Data for analysis:
BEGIN

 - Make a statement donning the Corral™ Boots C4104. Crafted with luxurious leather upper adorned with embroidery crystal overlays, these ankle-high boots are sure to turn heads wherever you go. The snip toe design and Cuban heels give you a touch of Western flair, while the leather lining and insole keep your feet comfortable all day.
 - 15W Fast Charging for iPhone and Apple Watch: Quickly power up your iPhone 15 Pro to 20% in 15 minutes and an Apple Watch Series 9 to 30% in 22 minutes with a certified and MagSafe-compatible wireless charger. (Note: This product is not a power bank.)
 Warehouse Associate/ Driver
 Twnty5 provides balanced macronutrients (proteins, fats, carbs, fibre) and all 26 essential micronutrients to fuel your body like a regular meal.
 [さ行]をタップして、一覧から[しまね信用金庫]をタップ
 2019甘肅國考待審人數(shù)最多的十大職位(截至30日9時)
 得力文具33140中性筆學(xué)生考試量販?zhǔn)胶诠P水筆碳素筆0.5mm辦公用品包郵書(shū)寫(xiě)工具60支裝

END
BEGIN

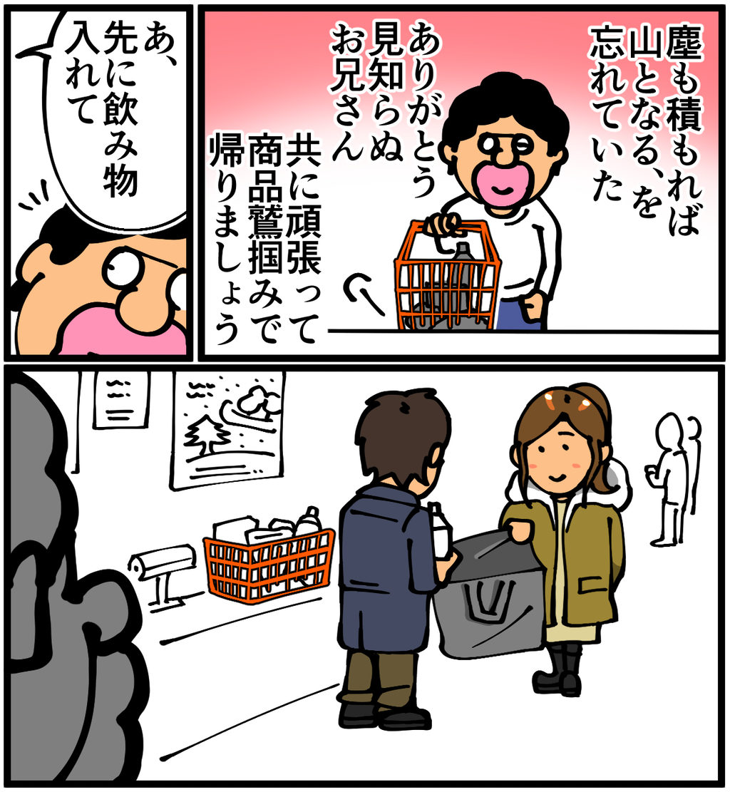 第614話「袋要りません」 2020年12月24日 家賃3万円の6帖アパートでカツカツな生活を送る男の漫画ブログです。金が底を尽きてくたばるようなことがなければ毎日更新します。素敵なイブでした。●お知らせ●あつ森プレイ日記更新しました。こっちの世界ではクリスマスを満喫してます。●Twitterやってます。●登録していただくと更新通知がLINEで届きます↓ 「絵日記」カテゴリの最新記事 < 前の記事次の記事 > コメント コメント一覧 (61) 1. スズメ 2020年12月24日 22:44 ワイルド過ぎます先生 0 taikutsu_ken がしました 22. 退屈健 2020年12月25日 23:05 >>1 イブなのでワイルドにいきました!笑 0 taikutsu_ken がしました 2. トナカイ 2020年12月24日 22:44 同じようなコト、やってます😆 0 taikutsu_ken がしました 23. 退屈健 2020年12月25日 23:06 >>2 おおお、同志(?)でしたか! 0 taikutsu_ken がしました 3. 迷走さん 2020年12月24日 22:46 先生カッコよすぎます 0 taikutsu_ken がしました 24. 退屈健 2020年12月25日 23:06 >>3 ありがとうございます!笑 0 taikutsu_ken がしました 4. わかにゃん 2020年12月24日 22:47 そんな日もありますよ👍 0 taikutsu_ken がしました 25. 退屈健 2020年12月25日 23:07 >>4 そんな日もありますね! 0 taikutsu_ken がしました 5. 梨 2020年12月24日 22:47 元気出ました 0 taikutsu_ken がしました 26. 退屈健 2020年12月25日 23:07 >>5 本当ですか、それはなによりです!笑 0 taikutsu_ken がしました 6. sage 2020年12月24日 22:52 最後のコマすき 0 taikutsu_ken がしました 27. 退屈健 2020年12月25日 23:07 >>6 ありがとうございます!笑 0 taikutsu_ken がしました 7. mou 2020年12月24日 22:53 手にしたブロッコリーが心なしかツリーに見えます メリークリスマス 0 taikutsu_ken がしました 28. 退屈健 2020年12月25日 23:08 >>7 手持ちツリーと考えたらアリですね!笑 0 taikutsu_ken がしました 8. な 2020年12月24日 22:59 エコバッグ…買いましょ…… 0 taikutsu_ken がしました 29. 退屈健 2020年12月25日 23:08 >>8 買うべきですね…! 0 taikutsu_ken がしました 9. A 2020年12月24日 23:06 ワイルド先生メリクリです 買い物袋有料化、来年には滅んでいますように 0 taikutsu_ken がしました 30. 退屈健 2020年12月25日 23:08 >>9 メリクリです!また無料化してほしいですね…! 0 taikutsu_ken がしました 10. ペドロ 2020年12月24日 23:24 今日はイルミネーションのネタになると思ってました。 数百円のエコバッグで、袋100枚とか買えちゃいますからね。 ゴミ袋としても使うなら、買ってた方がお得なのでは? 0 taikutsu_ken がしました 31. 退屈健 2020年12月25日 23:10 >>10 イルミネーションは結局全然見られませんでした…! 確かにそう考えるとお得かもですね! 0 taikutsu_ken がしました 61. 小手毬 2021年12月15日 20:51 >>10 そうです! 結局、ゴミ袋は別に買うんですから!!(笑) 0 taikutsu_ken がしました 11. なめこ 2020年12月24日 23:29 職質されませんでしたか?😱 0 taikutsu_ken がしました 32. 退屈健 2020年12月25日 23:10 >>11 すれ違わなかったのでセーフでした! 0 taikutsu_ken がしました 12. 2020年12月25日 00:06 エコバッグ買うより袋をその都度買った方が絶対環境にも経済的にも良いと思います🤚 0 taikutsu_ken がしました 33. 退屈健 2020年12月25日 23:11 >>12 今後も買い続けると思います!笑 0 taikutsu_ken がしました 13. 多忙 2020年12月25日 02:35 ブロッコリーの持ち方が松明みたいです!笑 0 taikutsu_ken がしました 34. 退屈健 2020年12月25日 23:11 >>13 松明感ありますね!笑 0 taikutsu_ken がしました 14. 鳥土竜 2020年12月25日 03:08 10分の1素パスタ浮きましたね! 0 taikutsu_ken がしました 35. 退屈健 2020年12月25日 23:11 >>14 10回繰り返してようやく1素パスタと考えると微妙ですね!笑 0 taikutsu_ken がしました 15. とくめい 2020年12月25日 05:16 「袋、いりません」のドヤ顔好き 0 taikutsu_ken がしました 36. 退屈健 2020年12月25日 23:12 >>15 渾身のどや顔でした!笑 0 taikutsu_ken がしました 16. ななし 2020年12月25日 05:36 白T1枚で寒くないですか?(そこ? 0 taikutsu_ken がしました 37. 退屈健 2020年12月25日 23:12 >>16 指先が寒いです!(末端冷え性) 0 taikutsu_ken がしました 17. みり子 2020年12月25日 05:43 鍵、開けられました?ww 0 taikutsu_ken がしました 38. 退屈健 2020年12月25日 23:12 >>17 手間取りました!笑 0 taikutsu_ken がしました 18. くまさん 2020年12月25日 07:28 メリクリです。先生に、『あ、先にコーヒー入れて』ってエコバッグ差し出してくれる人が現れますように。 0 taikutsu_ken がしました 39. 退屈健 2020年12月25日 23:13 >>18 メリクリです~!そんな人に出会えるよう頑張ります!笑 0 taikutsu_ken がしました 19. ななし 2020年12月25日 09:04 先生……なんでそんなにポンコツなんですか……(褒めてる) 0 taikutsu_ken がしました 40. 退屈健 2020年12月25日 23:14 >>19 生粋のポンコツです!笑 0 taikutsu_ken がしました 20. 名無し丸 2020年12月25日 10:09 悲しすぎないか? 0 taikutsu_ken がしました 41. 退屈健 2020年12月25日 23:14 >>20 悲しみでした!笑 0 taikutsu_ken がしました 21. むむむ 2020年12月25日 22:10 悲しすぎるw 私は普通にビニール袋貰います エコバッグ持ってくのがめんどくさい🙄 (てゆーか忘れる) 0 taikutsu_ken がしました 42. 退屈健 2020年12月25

END

Instructions to follow: Everything in the material above from the line that has "- Make a statement" through the line that has "得力文具33140中性筆學(xué)生考" must be duplicated exactly, with no other lines given.

Answer section:
 - Make a statement donning the Corral™ Boots C4104. Crafted with luxurious leather upper adorned with embroidery crystal overlays, these ankle-high boots are sure to turn heads wherever you go. The snip toe design and Cuban heels give you a touch of Western flair, while the leather lining and insole keep your feet comfortable all day.
 - 15W Fast Charging for iPhone and Apple Watch: Quickly power up your iPhone 15 Pro to 20% in 15 minutes and an Apple Watch Series 9 to 30% in 22 minutes with a certified and MagSafe-compatible wireless charger. (Note: This product is not a power bank.)
 Warehouse Associate/ Driver
 Twnty5 provides balanced macronutrients (proteins, fats, carbs, fibre) and all 26 essential micronutrients to fuel your body like a regular meal.
 [さ行]をタップして、一覧から[しまね信用金庫]をタップ
 2019甘肅國考待審人數(shù)最多的十大職位(截至30日9時)
 得力文具33140中性筆學(xué)生考試量販?zhǔn)胶诠P水筆碳素筆0.5mm辦公用品包郵書(shū)寫(xiě)工具60支裝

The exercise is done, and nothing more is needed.